> Collected data:
= Beginning of Section =
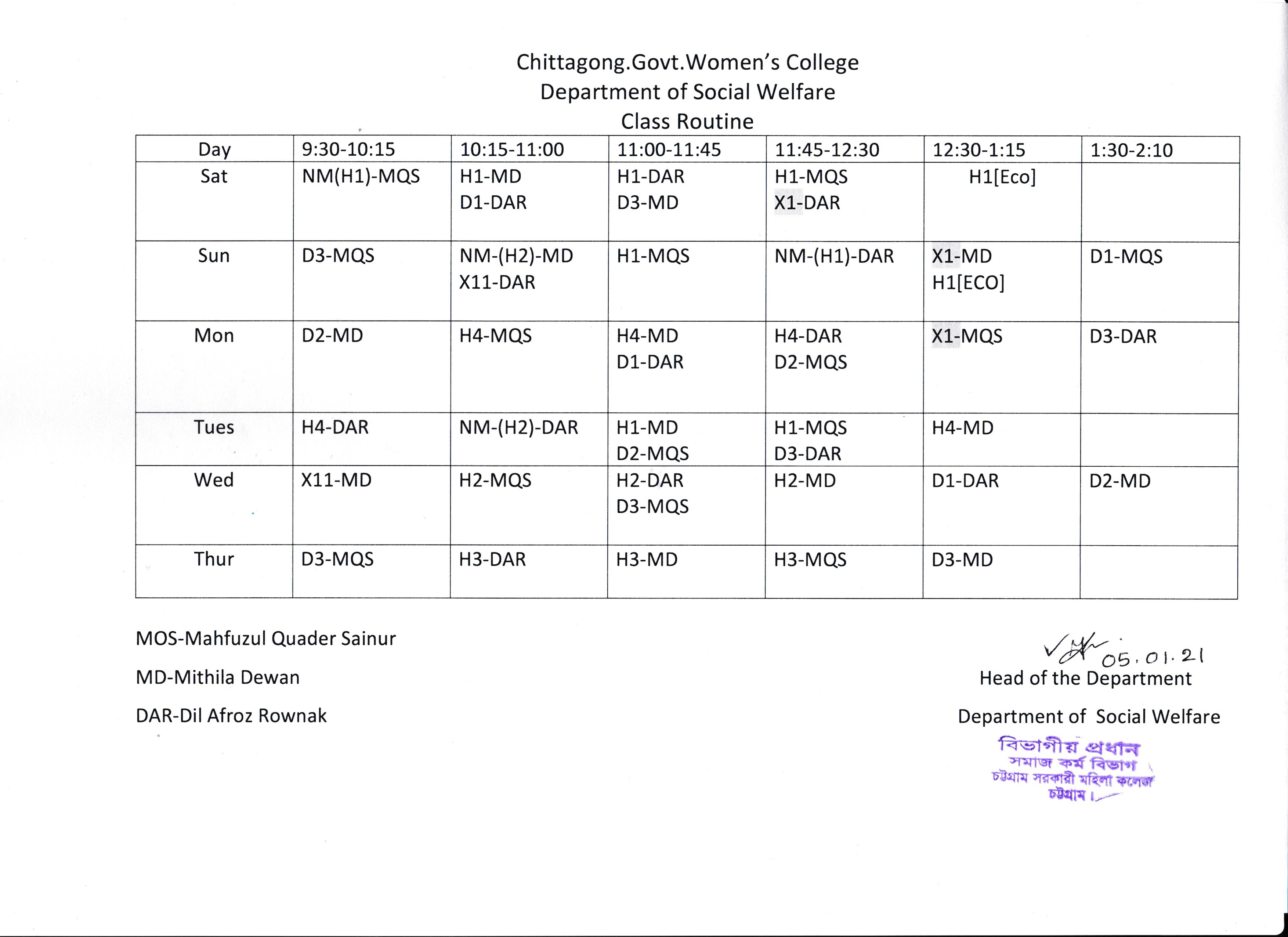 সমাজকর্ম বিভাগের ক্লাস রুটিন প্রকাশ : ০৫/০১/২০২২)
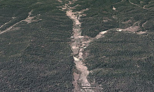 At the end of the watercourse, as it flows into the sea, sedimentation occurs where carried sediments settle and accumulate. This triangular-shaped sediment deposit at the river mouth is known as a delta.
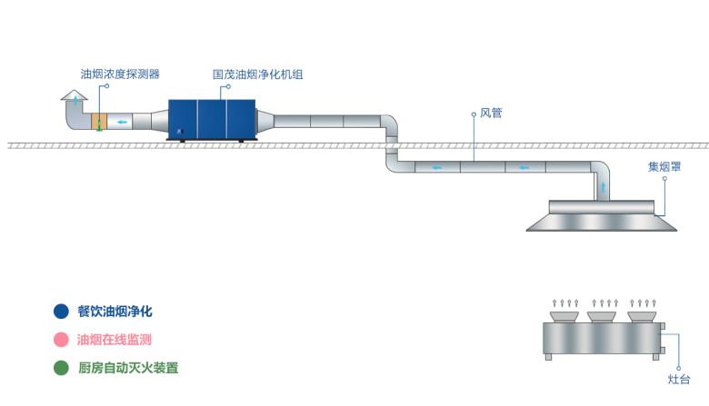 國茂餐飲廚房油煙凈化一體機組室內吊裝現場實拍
= End of Section =
Please return all of the material above exactly, minus any pictures.

> Exercise answer:
 সমাজকর্ম বিভাগের ক্লাস রুটিন প্রকাশ : ০৫/০১/২০২২)
 At the end of the watercourse, as it flows into the sea, sedimentation occurs where carried sediments settle and accumulate. This triangular-shaped sediment deposit at the river mouth is known as a delta.
 國茂餐飲廚房油煙凈化一體機組室內吊裝現場實拍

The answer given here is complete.